◆ Activity: The lines in the listing below are to be given again exactly, starting at the line holding "Salomon 70 skistøvler" and ending at the line holding "2020年09月11日 キャラバンがあったよ 3歳児". Do not include pictures.

### Data provided ###

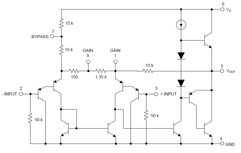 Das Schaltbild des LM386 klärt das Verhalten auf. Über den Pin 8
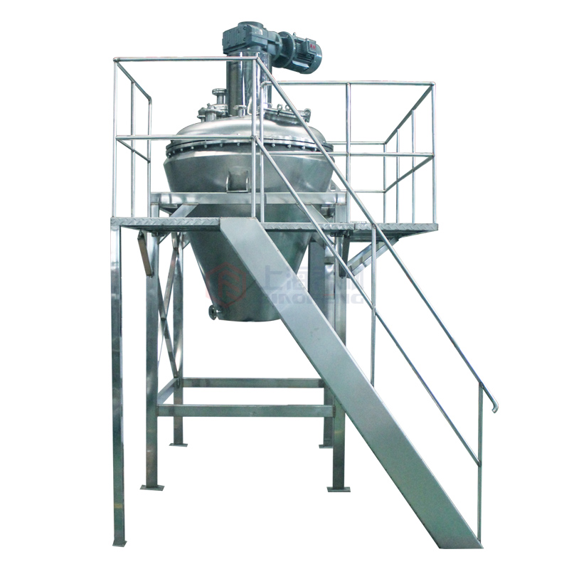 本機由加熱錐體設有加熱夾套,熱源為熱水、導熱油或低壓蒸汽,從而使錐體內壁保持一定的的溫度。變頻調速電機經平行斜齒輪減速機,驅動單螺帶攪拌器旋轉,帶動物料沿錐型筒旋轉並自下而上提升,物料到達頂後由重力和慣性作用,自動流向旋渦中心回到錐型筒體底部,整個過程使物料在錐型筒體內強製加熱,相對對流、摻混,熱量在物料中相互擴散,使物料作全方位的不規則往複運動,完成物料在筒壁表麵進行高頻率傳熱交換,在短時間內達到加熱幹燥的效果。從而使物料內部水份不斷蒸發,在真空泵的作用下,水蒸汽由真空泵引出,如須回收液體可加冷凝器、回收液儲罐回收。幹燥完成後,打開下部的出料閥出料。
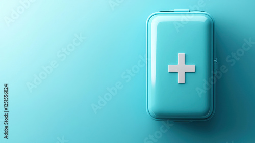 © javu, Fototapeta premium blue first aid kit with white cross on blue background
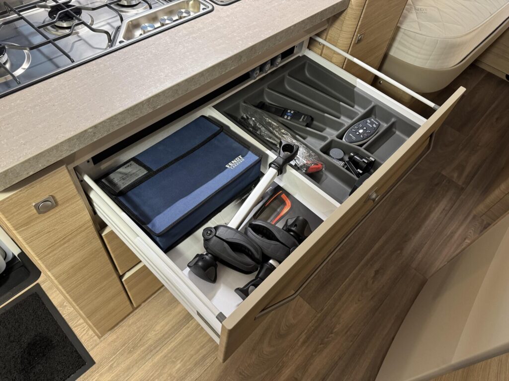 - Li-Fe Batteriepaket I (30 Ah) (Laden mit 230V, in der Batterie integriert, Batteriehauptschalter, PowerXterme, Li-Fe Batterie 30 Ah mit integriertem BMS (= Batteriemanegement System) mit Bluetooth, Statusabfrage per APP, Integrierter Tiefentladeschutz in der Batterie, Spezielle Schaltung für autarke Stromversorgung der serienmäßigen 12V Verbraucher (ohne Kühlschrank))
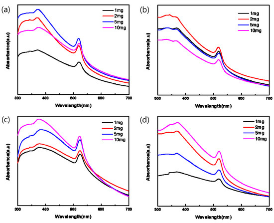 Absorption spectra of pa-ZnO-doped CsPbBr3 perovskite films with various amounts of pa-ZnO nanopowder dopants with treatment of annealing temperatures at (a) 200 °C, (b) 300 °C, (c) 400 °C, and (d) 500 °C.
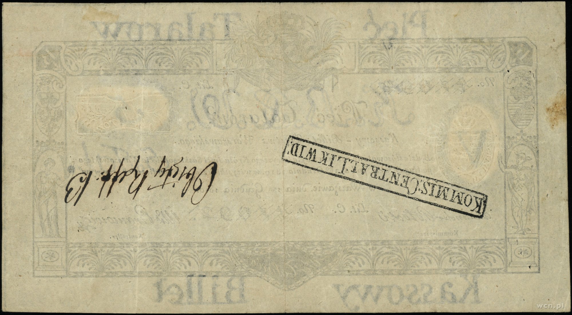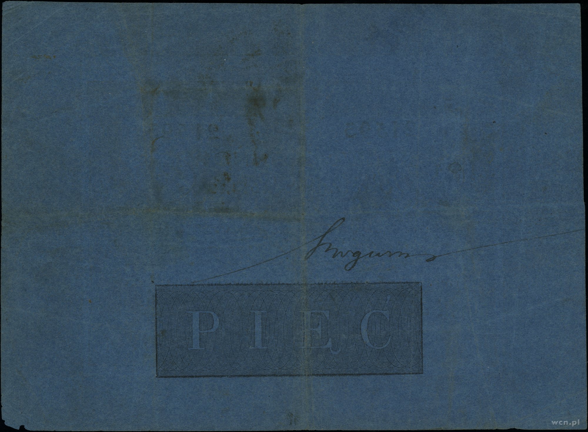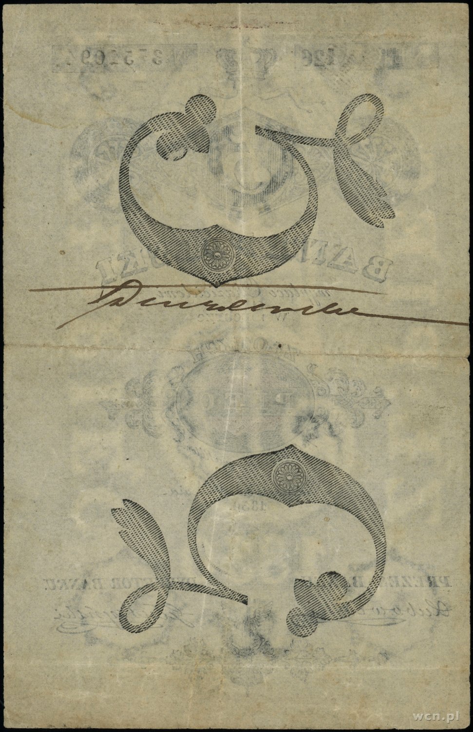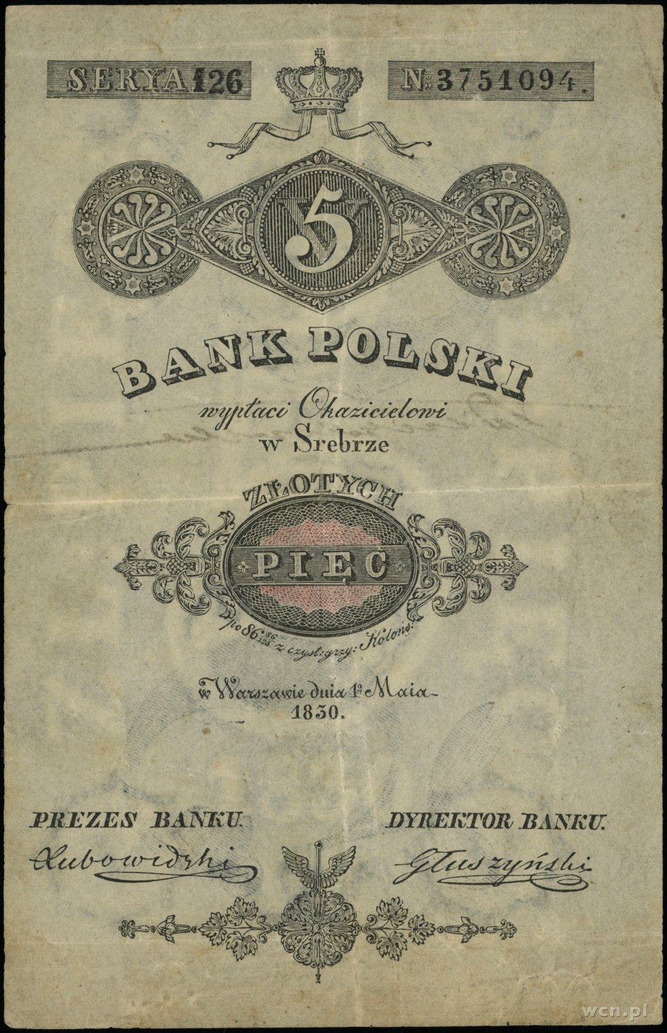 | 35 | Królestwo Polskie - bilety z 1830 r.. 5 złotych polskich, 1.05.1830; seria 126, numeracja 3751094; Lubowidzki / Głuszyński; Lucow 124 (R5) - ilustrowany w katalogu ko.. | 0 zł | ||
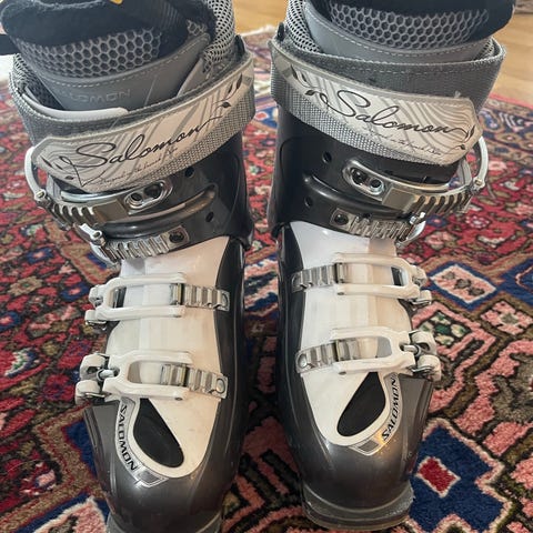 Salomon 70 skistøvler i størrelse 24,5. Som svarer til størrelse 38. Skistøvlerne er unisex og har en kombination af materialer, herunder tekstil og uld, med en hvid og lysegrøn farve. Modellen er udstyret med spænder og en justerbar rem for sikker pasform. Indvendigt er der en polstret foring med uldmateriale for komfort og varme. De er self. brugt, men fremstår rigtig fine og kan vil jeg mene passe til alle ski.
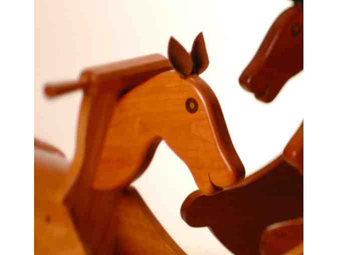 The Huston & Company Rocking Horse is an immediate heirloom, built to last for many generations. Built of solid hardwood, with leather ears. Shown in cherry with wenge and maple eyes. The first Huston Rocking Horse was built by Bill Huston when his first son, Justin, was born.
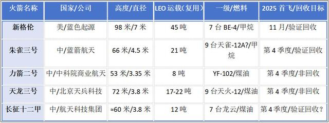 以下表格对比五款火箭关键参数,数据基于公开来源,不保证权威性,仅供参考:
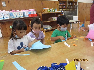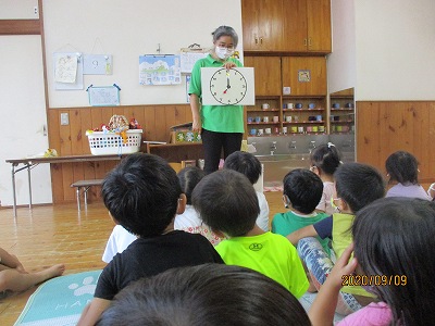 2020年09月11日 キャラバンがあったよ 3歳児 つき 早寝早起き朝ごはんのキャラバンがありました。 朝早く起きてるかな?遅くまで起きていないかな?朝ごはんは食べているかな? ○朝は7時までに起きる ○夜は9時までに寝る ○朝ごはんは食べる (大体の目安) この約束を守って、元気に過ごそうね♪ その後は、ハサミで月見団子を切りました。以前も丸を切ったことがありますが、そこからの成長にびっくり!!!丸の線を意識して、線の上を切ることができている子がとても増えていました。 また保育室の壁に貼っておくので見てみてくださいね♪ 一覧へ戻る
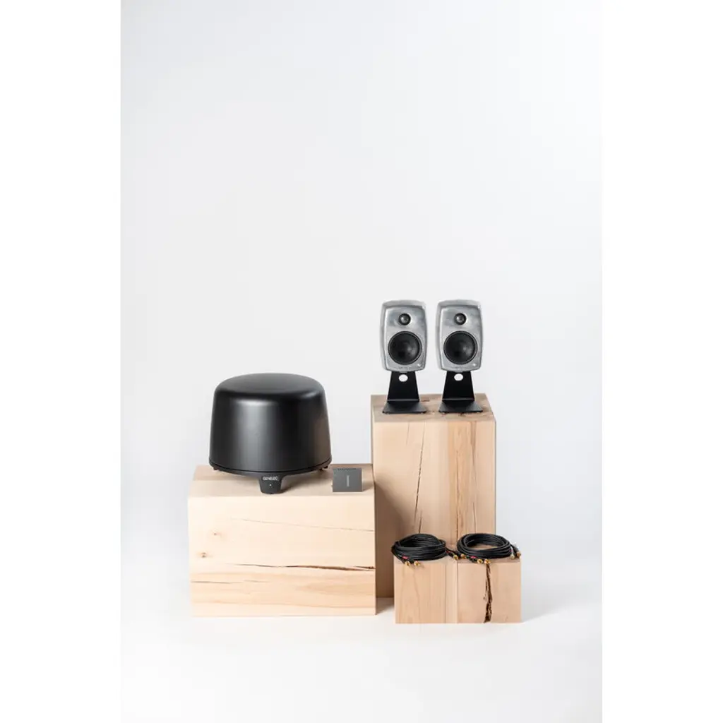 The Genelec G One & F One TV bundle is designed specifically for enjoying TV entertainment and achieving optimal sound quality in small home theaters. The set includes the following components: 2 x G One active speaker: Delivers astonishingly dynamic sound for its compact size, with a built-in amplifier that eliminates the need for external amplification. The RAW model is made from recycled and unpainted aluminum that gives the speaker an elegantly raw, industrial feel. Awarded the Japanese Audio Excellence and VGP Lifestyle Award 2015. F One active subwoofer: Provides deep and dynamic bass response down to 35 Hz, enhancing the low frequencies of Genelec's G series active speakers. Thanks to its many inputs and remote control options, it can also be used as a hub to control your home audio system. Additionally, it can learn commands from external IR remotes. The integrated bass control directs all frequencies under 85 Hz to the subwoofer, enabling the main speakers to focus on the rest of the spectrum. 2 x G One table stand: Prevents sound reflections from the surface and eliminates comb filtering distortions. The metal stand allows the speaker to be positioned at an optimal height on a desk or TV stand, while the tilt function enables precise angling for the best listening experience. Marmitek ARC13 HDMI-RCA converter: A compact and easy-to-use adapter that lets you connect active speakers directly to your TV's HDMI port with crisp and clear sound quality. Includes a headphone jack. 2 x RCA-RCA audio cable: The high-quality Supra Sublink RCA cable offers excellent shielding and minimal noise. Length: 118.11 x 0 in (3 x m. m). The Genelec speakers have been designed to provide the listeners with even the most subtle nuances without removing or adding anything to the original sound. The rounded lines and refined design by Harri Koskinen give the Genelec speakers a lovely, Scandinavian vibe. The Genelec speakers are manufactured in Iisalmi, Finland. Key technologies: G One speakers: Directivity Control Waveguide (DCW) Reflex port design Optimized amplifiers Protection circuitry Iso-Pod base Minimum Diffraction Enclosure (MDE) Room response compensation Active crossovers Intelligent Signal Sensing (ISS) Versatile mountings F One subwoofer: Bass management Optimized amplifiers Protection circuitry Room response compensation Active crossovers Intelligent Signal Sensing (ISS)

###

◆ Exercise result:
 Salomon 70 skistøvler i størrelse 24,5. Som svarer til størrelse 38. Skistøvlerne er unisex og har en kombination af materialer, herunder tekstil og uld, med en hvid og lysegrøn farve. Modellen er udstyret med spænder og en justerbar rem for sikker pasform. Indvendigt er der en polstret foring med uldmateriale for komfort og varme. De er self. brugt, men fremstår rigtig fine og kan vil jeg mene passe til alle ski.
 The Huston & Company Rocking Horse is an immediate heirloom, built to last for many generations. Built of solid hardwood, with leather ears. Shown in cherry with wenge and maple eyes. The first Huston Rocking Horse was built by Bill Huston when his first son, Justin, was born.
 以下表格对比五款火箭关键参数,数据基于公开来源,不保证权威性,仅供参考:
 2020年09月11日 キャラバンがあったよ 3歳児 つき 早寝早起き朝ごはんのキャラバンがありました。 朝早く起きてるかな?遅くまで起きていないかな?朝ごはんは食べているかな? ○朝は7時までに起きる ○夜は9時までに寝る ○朝ごはんは食べる (大体の目安) この約束を守って、元気に過ごそうね♪ その後は、ハサミで月見団子を切りました。以前も丸を切ったことがありますが、そこからの成長にびっくり!!!丸の線を意識して、線の上を切ることができている子がとても増えていました。 また保育室の壁に貼っておくので見てみてくださいね♪ 一覧へ戻る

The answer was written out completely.